BEGIN
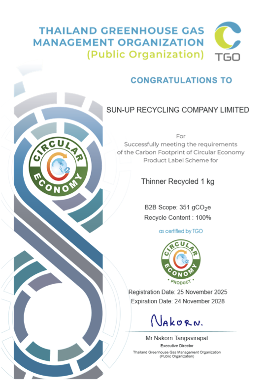 บริษัท ซัน-อัพ รีไซคลิง จำกัด ได้รับการรับรองคาร์บอนฟุตพริ้นท์ของผลิตภัณฑ์ (Carbon Footprint of Product: CFP) ซึ่งเป็นการประเมินปริมาณการปล่อยก๊าซเรือนกระจก (GHG) ของผลิตภัณฑ์ตลอดวัฏจักรชีวิต ตั้งแต่การจัดหาวัตถุดิบ กระบวนการผลิต การกระจายสินค้า การใช้งาน และการจัดการของเสียเมื่อสิ้นสุดอายุการใช้งาน รวมถึงการขนส่งที่เกี่ยวข้องในแต่ละขั้นตอนของผลิตภัณฑ์ นอกจากนี้ ยังได้รับการรับรองคาร์บอนฟุตพริ้นท์ของผลิตภัณฑ์ตามแนวคิดเศรษฐกิจหมุนเวียน (Circular Economy Carbon Footprint of Product: CE-CFP) อีกด้วย
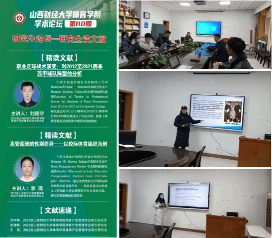1月2日上午,永利3044集团官网学术论坛第一百一十期研究生论坛——研究生读文献在永利3044集团官网会议室举办。本期论坛是2024年开年第一期,也是本学期研究生读文献活动的收官一期,由体育产业管理专业硕士研究生2023级刘德宇和2021级李璐两位同学进行文献精讲,2022级刘宇婷做文献速递。学院青年博士教师樊哲昀及全体研究生共同参与研讨交流,学院学科和研究生办公室主任王雁副教授主持论坛。
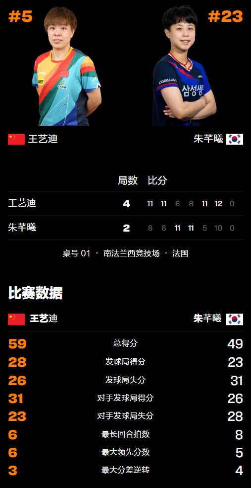 比赛开始后,王艺迪率先发动取得领先优势,但很快被朱芊曦追平、反超比分,随后在4-5的位置奋起反击连得5分再次压制对手,被追回1球后赢1分以10-6拿到局点,最终凭借台内控制逼朱芊曦反手进攻失误、以11-6有惊无险拔得头筹。
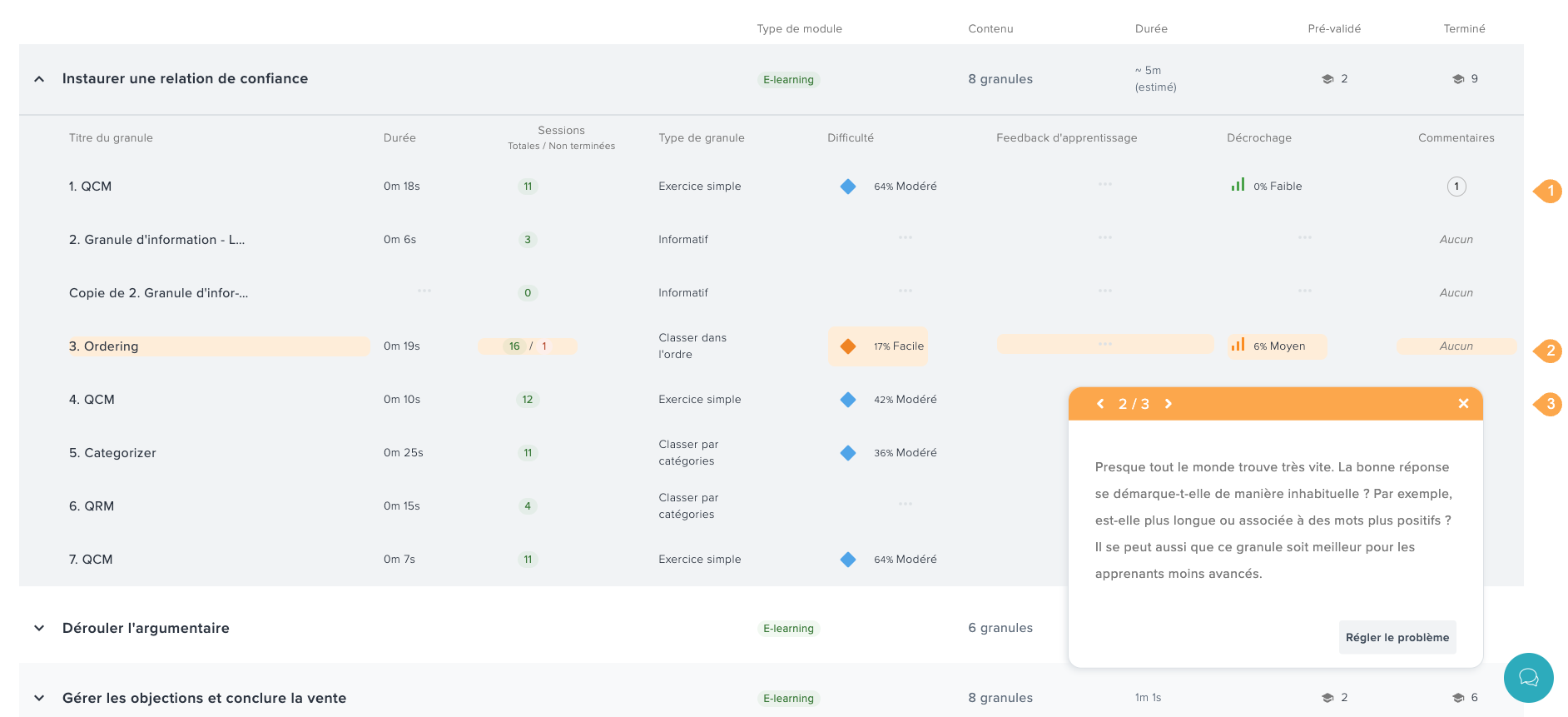 With the integration of advanced analytical tools, Didask allows trainers and training managers to monitor learners' progress in real time. Where Didask goes further than the LMS on the market, is that its AI directly formulates recommendations for improvement where it has analyzed that there is the most need, based on the data collected. This allows you to identify biases that are not always visible to the naked eye and saves valuable time by avoiding reviewing all of your modules every morning. For example, in an exercise with several possible answers, the AI will detect an answer whose text is much longer compared to the others, which can give an indication that the learners' behavior during the exercise is biased.
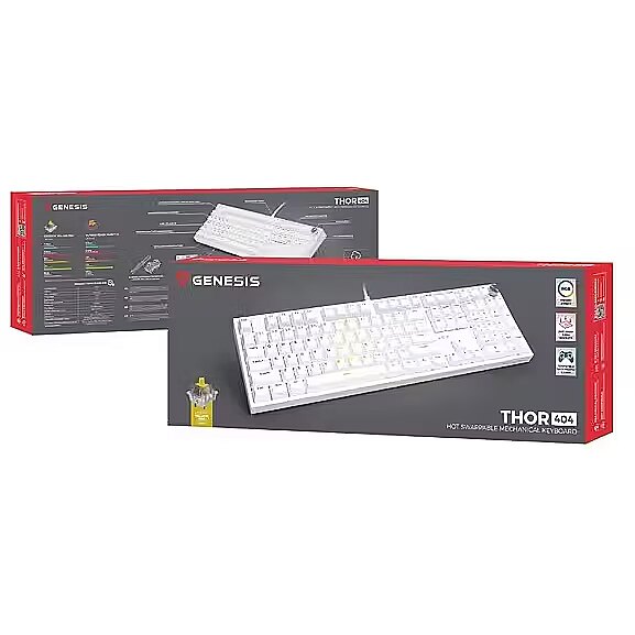 LongSummaryDescription - GENESIS THOR 404. Keyboard form factor: Full-size (100%). Keyboard style: Straight. Connectivity technology: Wired, Device interface: USB, Keyboard key switch: Mechanical, Keyboard layout: QWERTY. Backlight type: RGB LED. Recommended usage: Universal. Product colour: White
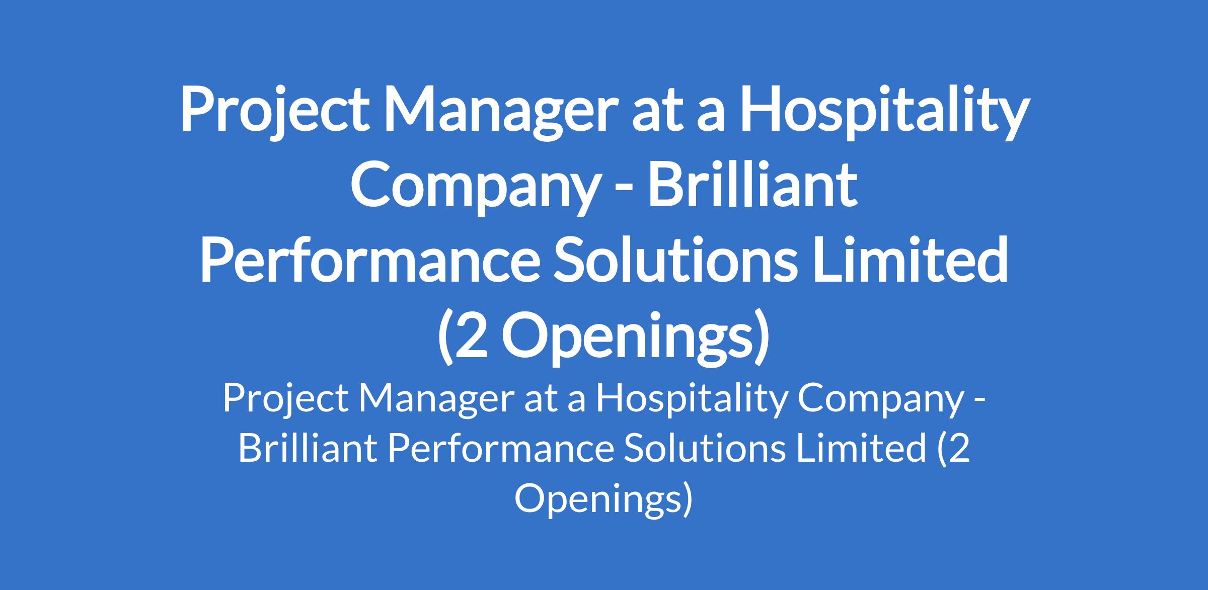 Brilliant Performance Solutions Limited - Our client, a key player in the hospitality Industry is recruiting to fill the position of: Project Manager. The position is located in Island and Mainland, Lagos State. Interested candidates should possess an HND or BSc Degree in a relevant field, and must have a professional certificate preferably PMP, with a minimum of 6 years experience in the hospitality Industry.
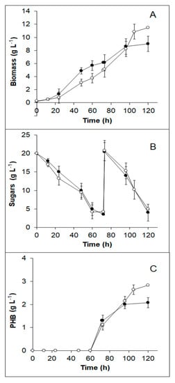 - Lopes, M.S.G.; Gosset, G.; Rocha, R.C.S.; Gomez, J.G.C.; Ferreira da Silva, L. PHB biosynthesis in catabolite repression mutant of Burkholderia sacchari. Curr. Microbiol. 2011, 63, 319–326. [Google Scholar] [CrossRef] [PubMed]
END
- **EXERCISE DIRECTIONS**:
Word for word, repeat the lines above from the one with "比赛开始后,王艺迪率先发动取" through the one with "LongSummaryDescription - GENESIS", and nothing beyond them. Omit the pictures.

- **RESPONSE TO THIS EXERCISE**:
 比赛开始后,王艺迪率先发动取得领先优势,但很快被朱芊曦追平、反超比分,随后在4-5的位置奋起反击连得5分再次压制对手,被追回1球后赢1分以10-6拿到局点,最终凭借台内控制逼朱芊曦反手进攻失误、以11-6有惊无险拔得头筹。
 With the integration of advanced analytical tools, Didask allows trainers and training managers to monitor learners' progress in real time. Where Didask goes further than the LMS on the market, is that its AI directly formulates recommendations for improvement where it has analyzed that there is the most need, based on the data collected. This allows you to identify biases that are not always visible to the naked eye and saves valuable time by avoiding reviewing all of your modules every morning. For example, in an exercise with several possible answers, the AI will detect an answer whose text is much longer compared to the others, which can give an indication that the learners' behavior during the exercise is biased.
 LongSummaryDescription - GENESIS THOR 404. Keyboard form factor: Full-size (100%). Keyboard style: Straight. Connectivity technology: Wired, Device interface: USB, Keyboard key switch: Mechanical, Keyboard layout: QWERTY. Backlight type: RGB LED. Recommended usage: Universal. Product colour: White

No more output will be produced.